# Azure ADLS Gen2 and Blob Storage (ABFSS)
Authentication for `abfss://`, `abfs://`, `azure://`, and `az://` URIs in `rust-data-processing` / `rdp_jvm_sys`.
**Related:** [CLOUD_AUTH.md](CLOUD_AUTH.md) (all clouds, Docker, Kubernetes) · [CONNECTORS.md](CONNECTORS.md) (example URIs per language)
**Fake values below are placeholders only.**
Credentials are **system/OS environment variables** on the process that loads the native library — not Java properties or entries in pipeline JSON. See [CLOUD_AUTH.md — System environment variables](CLOUD_AUTH.md#system-environment-variables-not-java-specific) for Docker `.env`, `docker run --env-file`, and Kubernetes `env` / Secrets.
There is **no** Azure AD block in Java pipeline JSON. Configure the **container or host** that runs your JVM, Python interpreter, or Rust binary.
Blob Storage (`azure://` / `az://`) and ADLS Gen2 (`abfss://` / `abfs://`) use the same Azure credential resolution in [`object_store`](https://docs.rs/object_store/latest/object_store/azure/index.html).
---
## Option A — Service principal (Azure AD app → storage)
Typical for CI and unattended ETL. Grant **Storage Blob Data Contributor** (or equivalent) on account `storacc01` and container `datalake`.
```bash
export AZURE_TENANT_ID="11111111-1111-1111-1111-111111111111"
export AZURE_CLIENT_ID="22222222-2222-2222-2222-222222222222"
export AZURE_CLIENT_SECRET="FAKE_CLIENT_SECRET"
export AZURE_STORAGE_ACCOUNT_NAME="storacc01"
```
`object_store` also accepts aliases such as `azure_storage_client_id`, `azure_client_id`, `azure_storage_tenant_id`, `azure_storage_client_secret`, etc.
---
## Option B — Storage account key (shared key, not AAD)
```bash
export AZURE_STORAGE_ACCOUNT_NAME="storacc01"
export AZURE_STORAGE_ACCOUNT_KEY="FAKE_AZURE_KEY_BASE64=="
```
---
## Option C — Managed identity
Run on Azure VM, AKS pod, or Azure-hosted agent with a user-assigned or system-assigned identity that can access the storage account. No secret in Java; identity is on the **host** running `rdp_jvm_sys`.

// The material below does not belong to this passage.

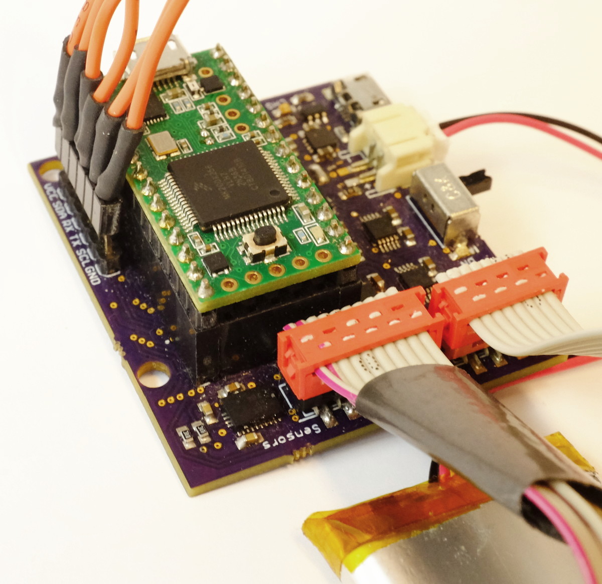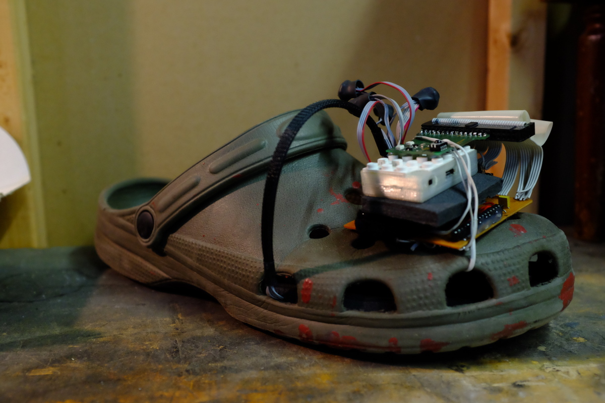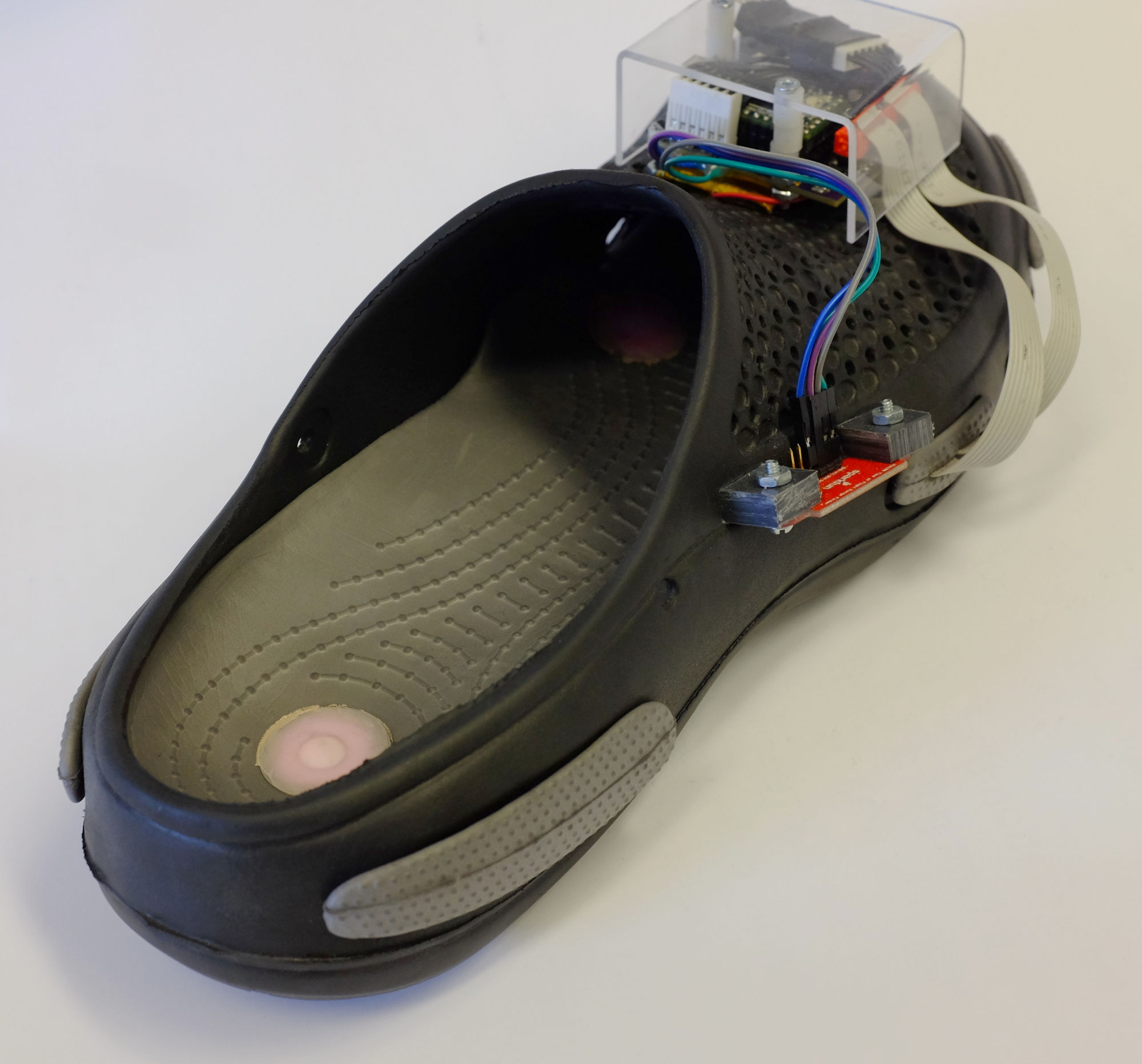 The result was a robust insert based on the concept of a baffle, simliar to a loudspeaker. We also designed a custom PCB for more robust and capable on-shoe electronics, and added sensors: force-sensing resistors under the actuators to measure their loading, and a time-of-flight proximity sensor to measure step height.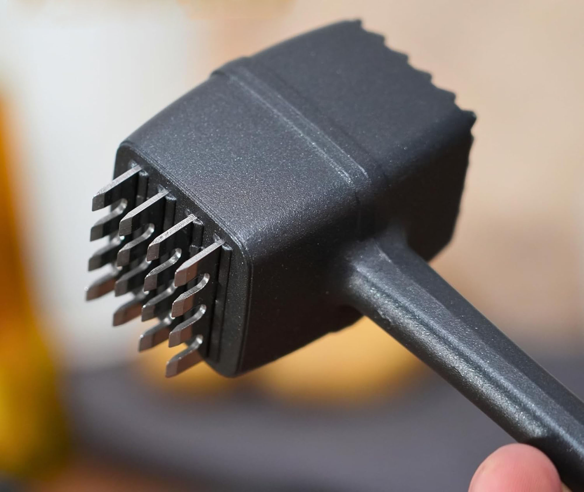 Оборудван с 2 различни повърхности за омекотяване на месото : едната груба страна за омекотяване на месото и включване на билки и една с шипове.

On Kubernetes, prefer workload identity over static secrets when possible.
---
## Option D — Local development
Some environments use Azure CLI login (`az login`) via object_store’s Azure CLI credential path — still on the **Rust process**, not passed from Java.
---
## URI shape
`abfss://container@storacc01.dfs.core.windows.net/path/to/object.parquet`
- **Container** and **account** come from the URI hostname.
- **Tokens and tenant IDs do not** go in the URI string.
---
## Java
Only the URI appears in pipeline JSON; inject `AZURE_*` (or use MSI) on the **pod/container/process**:
```json
"object_store_uris": [
"abfss://datalake@storacc01.dfs.core.windows.net/rdp/incoming/part-00000.parquet"
]
```
```json
{
"kind": "databricks",
"warehouse": "abfss://datalake@storacc01.dfs.core.windows.net/unity/",
"namespace": "main.curated",
"table": "fact_scores"
}
```
```bash
# Shell — use Docker --env-file or K8s Secret → env in production
export AZURE_TENANT_ID="..."
export AZURE_CLIENT_ID="..."
export AZURE_CLIENT_SECRET="..."
export AZURE_STORAGE_ACCOUNT_NAME="storacc01"
java -cp … com.example.YourPipelineMain
```
---
## Rust
```rust
use rust_data_processing::ingestion::{delta_table_uri, write_dataset_to_delta_table};
const WH: &str = "abfss://datalake@storacc01.dfs.core.windows.net/unity/";
let table_uri = delta_table_uri(WH, Some("curated"), "fact_scores");
// write_dataset_to_delta_table(&table_uri, &ds)?;
```
Set `AZURE_*` in the shell (or container env) before `cargo run`.
---
## Python
```python
WH = "abfss://datalake@storacc01.dfs.core.windows.net/unity/"
TABLE_URI = f"{WH.rstrip('/')}/curated/fact_scores/"
# export_dataset_to_object_store_uri(..., ds) # --features cloud
```
Set `AZURE_*` on the **Python process** (notebook kernel, `maturin` shell, etc.).
---
## Databricks `warehouse` on ADLS
In-tree `kind: databricks` writes Parquet under `warehouse` using **storage** auth above — not a Databricks PAT. `workspace_url` and `catalog_uri` in JSON are metadata only. Details: [CLOUD_AUTH.md — Databricks sink](CLOUD_AUTH.md#databricks-pipeline-sink-kind-databricks).